The Pentagon accused many of China’s top technology companies of assisting their country’s military, essentially singling them out as a national security threat. The implications will become more complicated at the end of this month, and even more so in a year’s time.

New Rules

At the core of the issue is the Department of Defense’s Chinese Military Companies List. Set up in 2021 with the blessing of Congress, it identifies companies officials consider linked to Chinese military or security forces. The list grew this week with the Pentagon adding firms that are considered to offer industrial or technological benefits to the military.

Headlining the list of companies that were added are e-commerce giant Alibaba, search giant Baidu, and BYD, which leapfrogged Tesla to become the world’s largest electric vehicle manufacturer last year.

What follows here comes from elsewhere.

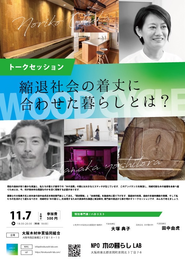 トークセッション開催 2025.11.07 Tweet Share Hatena Pocket RSS feedly Pin it この記事のタイトルとURLをコピーする 2025年11月7日(金) 19:00スタート 大阪木材仲買会館 テーマ 「縮退社会の着丈に合わせた暮らしとは」 パネラー 木の暮らしLAB 理事 田中 由虎 大塚 典子 Tweet Share Hatena Pocket RSS feedly Pin it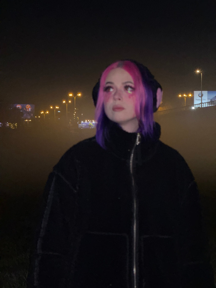 A young female stands slightly right of center in an outdoor, nighttime scene in the City of Zagreb, Croatia, obscured by fog or haze. She has long hair, dyed pink on her right side and purple on her…read more

All three insist their inclusion is baseless and deny being part of a strategy of military-civil fusion. Other newly listed firms are EV maker Nio, battery manufacturers CALB and EVE Energy, sensor manufacturer Robosense, and Unitree, another Tesla competitor that led Elon Musk’s in humanoid robot shipments last year. There are no immediate repercussions for being on the list, but it risks reputational harm and the Pentagon has increasingly used the so-called 1260H designation to restrict companies from contracting with the US military or getting funding for research. Things will also soon change:

  • Beginning June 30, the DoD will be officially barred from contracting directly with companies on the list. Many of the companies, unsurprisingly, have a major role in China’s AI economy, a sector where the US is focused on maintaining technological and military advantages.
  • A year later, on June 30, 2027, the DoD will not be allowed to procure the products or services of companies on the list through third parties. That means US firms that have ties with companies on the list could risk their own federal contracts.

A Real Deal: Less than two weeks ago, US chipmaker Nvidia announced a partnership with  Unitree, which is planning to IPO in Shanghai, to build humanoid robots to assist academic researchers. That’s an example of the kind of partnership that may fall under scrutiny, given Nvidia works with the Pentagon. Investor sentiment, however, is muted for now: Hong Kong-listed shares of Alibaba were down 1.4% Tuesday, while Baidu rose 0.5% and BYD 0.4%. That may suggest that markets expect the ups and downs of US-China economic relations to move towards a truce, as things generally have in the last year. After all, we went from each side threatening Shanghai Tower-sized tariffs on each other last summer to President Donald Trump recently praising his Chinese counterpart and Xi Jinping gifting him rose seeds for the White House garden.